▸ Recorded information:
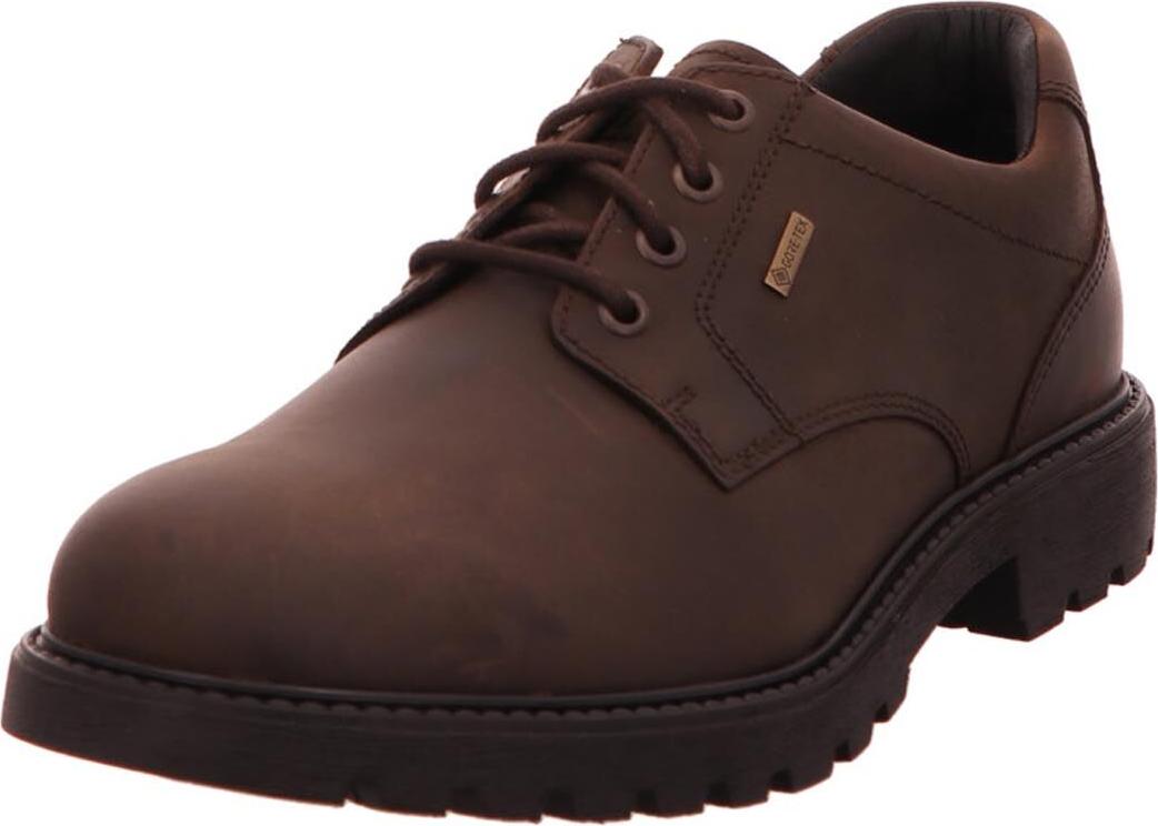Das Obermaterial in braun aus langlebigem Glattleder verleiht diesen Halbschuhen ihre charakteristische Optik. Dank GORE TEX-Membran bleiben die Füße selbst an Regentagen angenehm trocken.
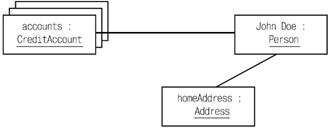 Объекты изображают прямоугольниками с идентификаторами ролей объектов и типами. Однородные коллекции объектов могут изображаться накладывающимися друг на друга прямоугольниками. Такие диаграммы используются довольно редко.
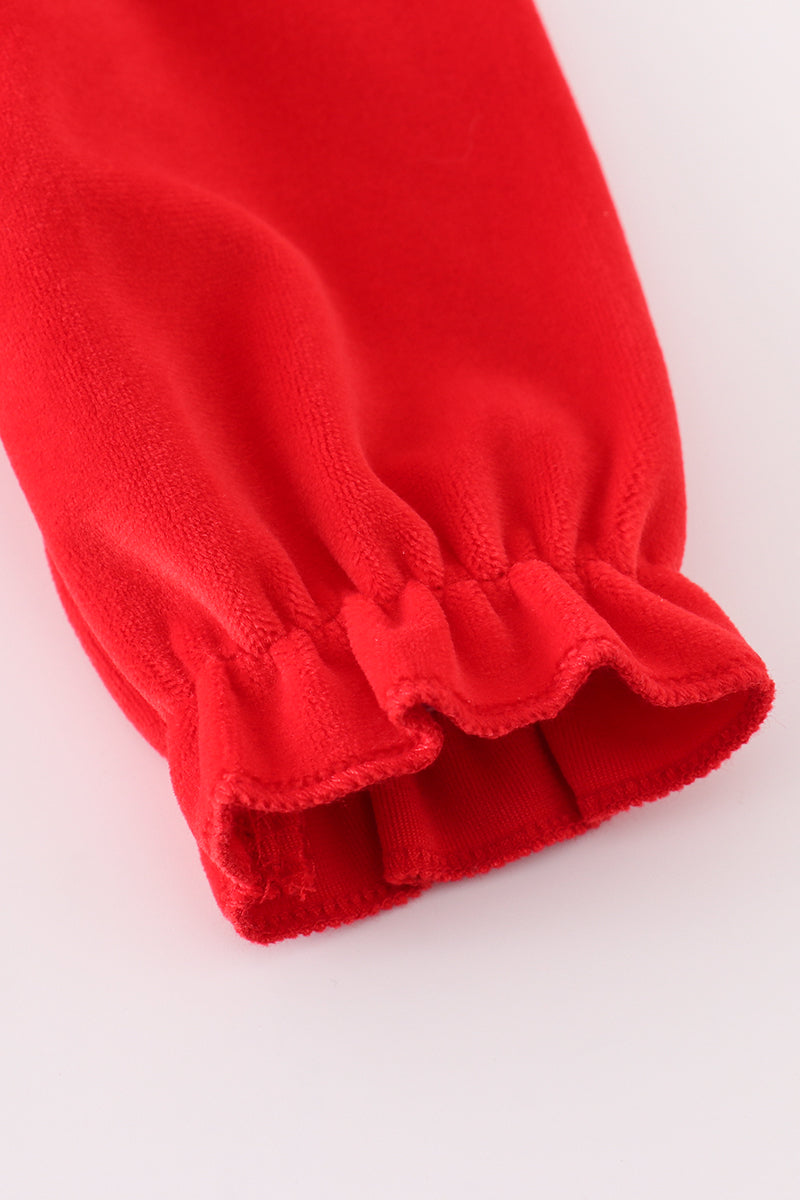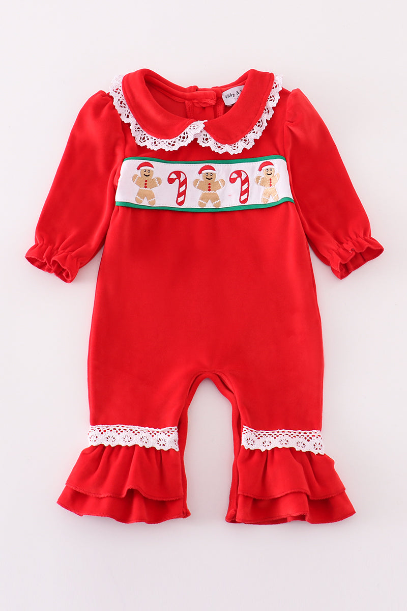 Get your little one in the holiday spirit with this adorable red velvet romper featuring festive gingerbread embroidery and playful ruffles. Perfect for family gatherings and holiday photos. Don't miss out, add some sweetness to your little girl's wardrobe!

▸ Your goal: Each line from the one containing "Объекты изображают прямоугольниками" through the final line of the data must be reproduced exactly, both ends included, with no pictures in the copy.

▸ Your solution:
 Объекты изображают прямоугольниками с идентификаторами ролей объектов и типами. Однородные коллекции объектов могут изображаться накладывающимися друг на друга прямоугольниками. Такие диаграммы используются довольно редко.
 Get your little one in the holiday spirit with this adorable red velvet romper featuring festive gingerbread embroidery and playful ruffles. Perfect for family gatherings and holiday photos. Don't miss out, add some sweetness to your little girl's wardrobe!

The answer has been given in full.